## Aim of the task
Among the entries below, find the line with "Invitation Aquarelle Rabbit" and the line with "Трудность в том, что просы...". Return exactly those lines and every line between them, but no pictures.

## Records provided

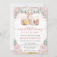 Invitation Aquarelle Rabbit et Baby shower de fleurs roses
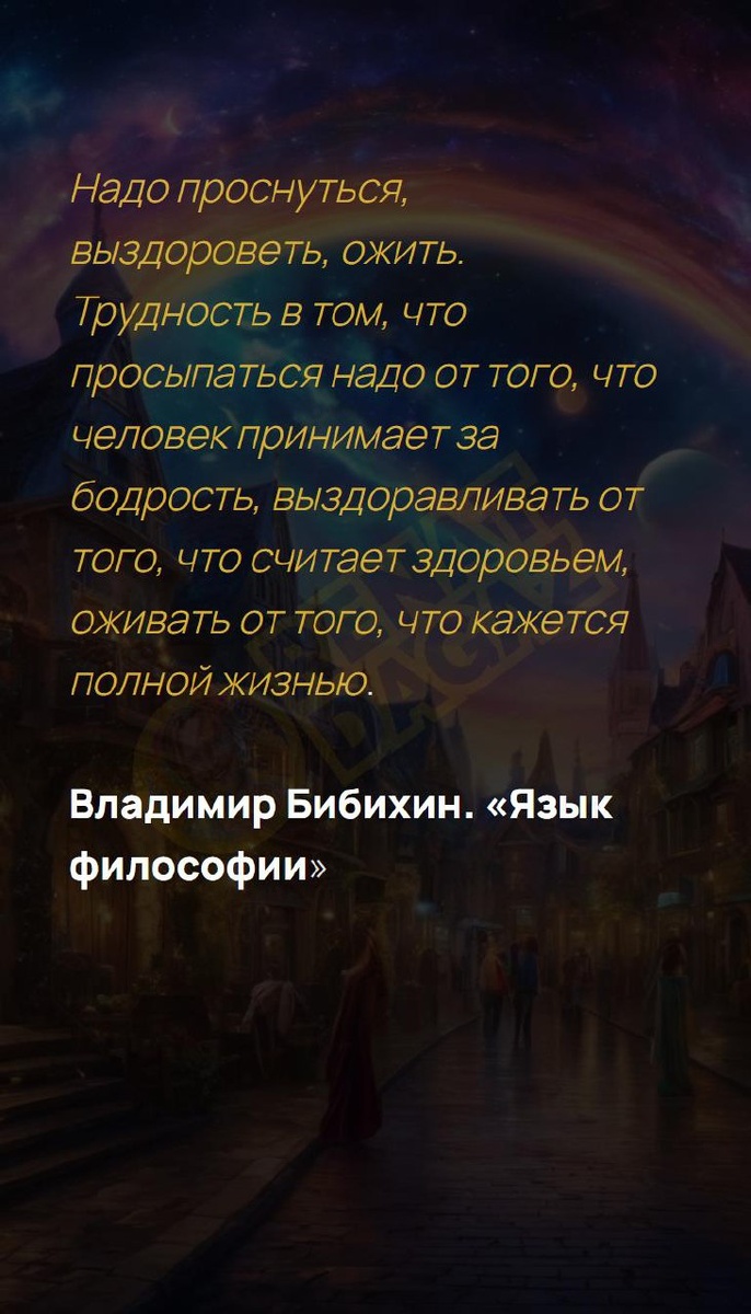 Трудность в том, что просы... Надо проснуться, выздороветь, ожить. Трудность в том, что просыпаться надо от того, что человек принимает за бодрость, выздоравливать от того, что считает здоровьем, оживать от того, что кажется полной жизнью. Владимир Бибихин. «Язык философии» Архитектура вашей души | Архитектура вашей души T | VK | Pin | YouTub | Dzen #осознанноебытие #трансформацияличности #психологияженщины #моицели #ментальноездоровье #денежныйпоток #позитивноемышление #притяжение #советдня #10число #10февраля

* * *

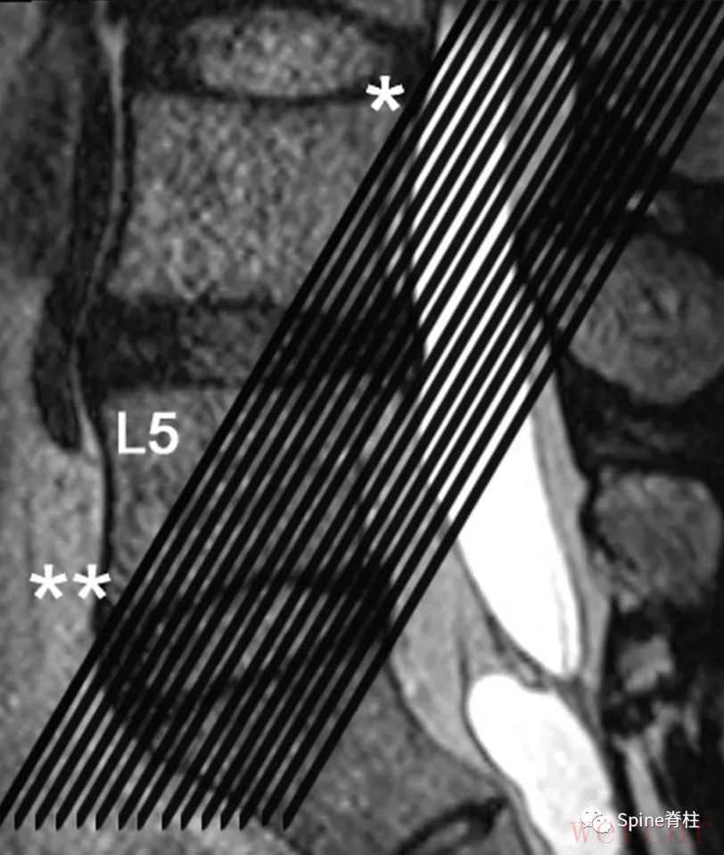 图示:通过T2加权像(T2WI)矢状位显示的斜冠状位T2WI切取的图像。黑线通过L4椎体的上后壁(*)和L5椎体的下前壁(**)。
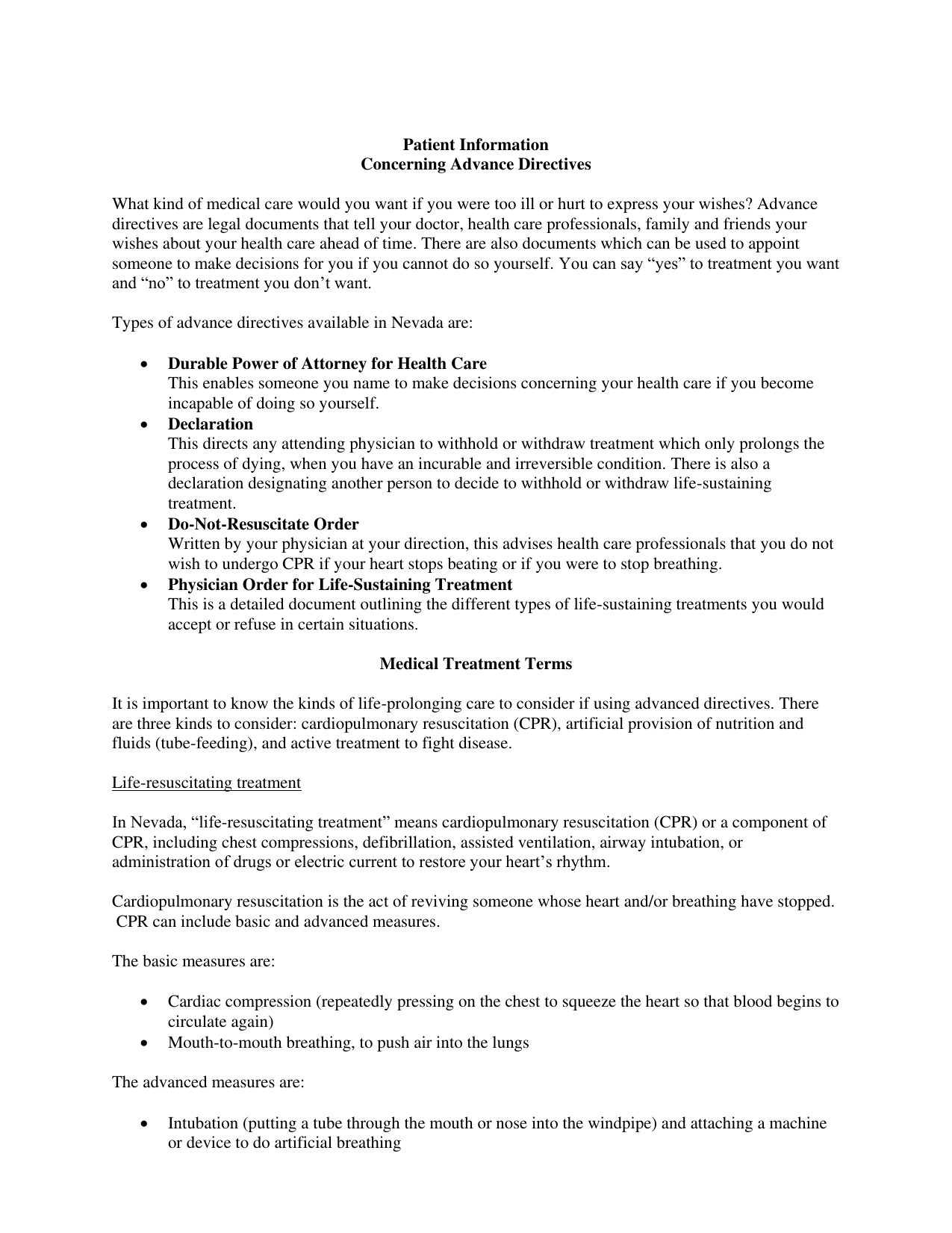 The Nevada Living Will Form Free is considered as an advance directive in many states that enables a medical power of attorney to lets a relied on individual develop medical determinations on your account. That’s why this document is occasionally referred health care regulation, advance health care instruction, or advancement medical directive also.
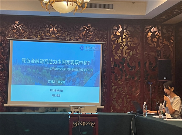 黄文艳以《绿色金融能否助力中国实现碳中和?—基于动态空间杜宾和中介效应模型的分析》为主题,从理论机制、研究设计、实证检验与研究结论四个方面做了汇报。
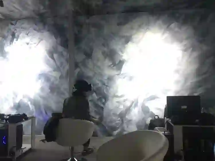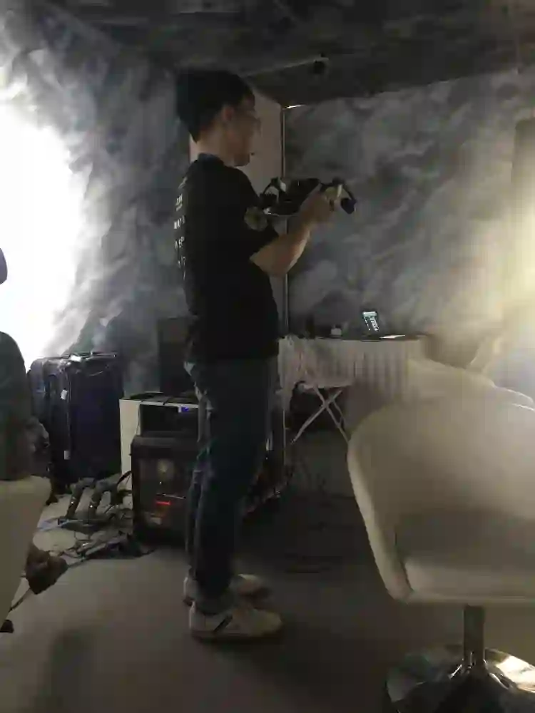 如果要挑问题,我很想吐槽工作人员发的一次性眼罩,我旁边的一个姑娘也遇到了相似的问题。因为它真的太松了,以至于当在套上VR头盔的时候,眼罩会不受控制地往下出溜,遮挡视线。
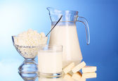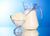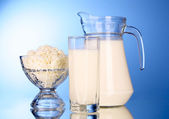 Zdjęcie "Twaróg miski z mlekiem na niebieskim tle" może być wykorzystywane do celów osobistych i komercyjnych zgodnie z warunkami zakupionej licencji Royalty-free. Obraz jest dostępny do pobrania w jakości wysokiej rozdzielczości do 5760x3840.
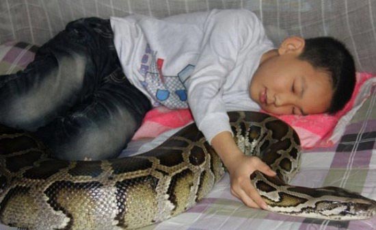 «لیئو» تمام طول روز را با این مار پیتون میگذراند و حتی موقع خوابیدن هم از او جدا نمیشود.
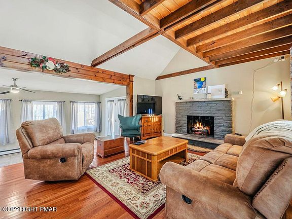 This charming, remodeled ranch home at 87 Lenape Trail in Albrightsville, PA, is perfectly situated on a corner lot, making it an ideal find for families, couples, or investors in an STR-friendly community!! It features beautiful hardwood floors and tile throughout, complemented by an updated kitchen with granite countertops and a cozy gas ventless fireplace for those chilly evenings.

---

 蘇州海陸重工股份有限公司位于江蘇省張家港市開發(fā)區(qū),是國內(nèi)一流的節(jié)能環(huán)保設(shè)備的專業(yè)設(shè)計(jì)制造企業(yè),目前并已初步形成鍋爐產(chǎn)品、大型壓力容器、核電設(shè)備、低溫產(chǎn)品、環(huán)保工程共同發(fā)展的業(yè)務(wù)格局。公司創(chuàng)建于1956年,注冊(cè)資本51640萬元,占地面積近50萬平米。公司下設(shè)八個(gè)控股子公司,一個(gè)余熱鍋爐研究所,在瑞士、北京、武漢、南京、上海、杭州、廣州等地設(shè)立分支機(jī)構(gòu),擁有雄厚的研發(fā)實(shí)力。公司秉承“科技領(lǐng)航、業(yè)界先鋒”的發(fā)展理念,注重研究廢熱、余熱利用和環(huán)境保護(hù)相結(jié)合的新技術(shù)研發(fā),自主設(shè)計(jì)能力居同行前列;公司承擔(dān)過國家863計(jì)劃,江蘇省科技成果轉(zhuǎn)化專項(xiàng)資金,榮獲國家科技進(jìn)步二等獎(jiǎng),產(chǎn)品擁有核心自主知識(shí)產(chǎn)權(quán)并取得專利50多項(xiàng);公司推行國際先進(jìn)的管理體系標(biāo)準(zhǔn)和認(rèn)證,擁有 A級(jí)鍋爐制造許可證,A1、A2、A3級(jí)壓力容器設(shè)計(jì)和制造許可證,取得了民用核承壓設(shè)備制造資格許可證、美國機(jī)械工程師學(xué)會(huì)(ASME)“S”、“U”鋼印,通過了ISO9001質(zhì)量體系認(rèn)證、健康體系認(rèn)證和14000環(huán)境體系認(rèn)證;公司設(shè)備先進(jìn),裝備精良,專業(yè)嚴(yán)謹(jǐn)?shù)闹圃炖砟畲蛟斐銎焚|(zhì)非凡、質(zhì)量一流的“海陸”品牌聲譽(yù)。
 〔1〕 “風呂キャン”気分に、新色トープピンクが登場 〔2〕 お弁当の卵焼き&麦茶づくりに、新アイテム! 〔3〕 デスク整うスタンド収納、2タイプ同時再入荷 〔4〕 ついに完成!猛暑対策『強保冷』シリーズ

## Written solution
 Invitation Aquarelle Rabbit et Baby shower de fleurs roses
 Трудность в том, что просы... Надо проснуться, выздороветь, ожить. Трудность в том, что просыпаться надо от того, что человек принимает за бодрость, выздоравливать от того, что считает здоровьем, оживать от того, что кажется полной жизнью. Владимир Бибихин. «Язык философии» Архитектура вашей души | Архитектура вашей души T | VK | Pin | YouTub | Dzen #осознанноебытие #трансформацияличности #психологияженщины #моицели #ментальноездоровье #денежныйпоток #позитивноемышление #притяжение #советдня #10число #10февраля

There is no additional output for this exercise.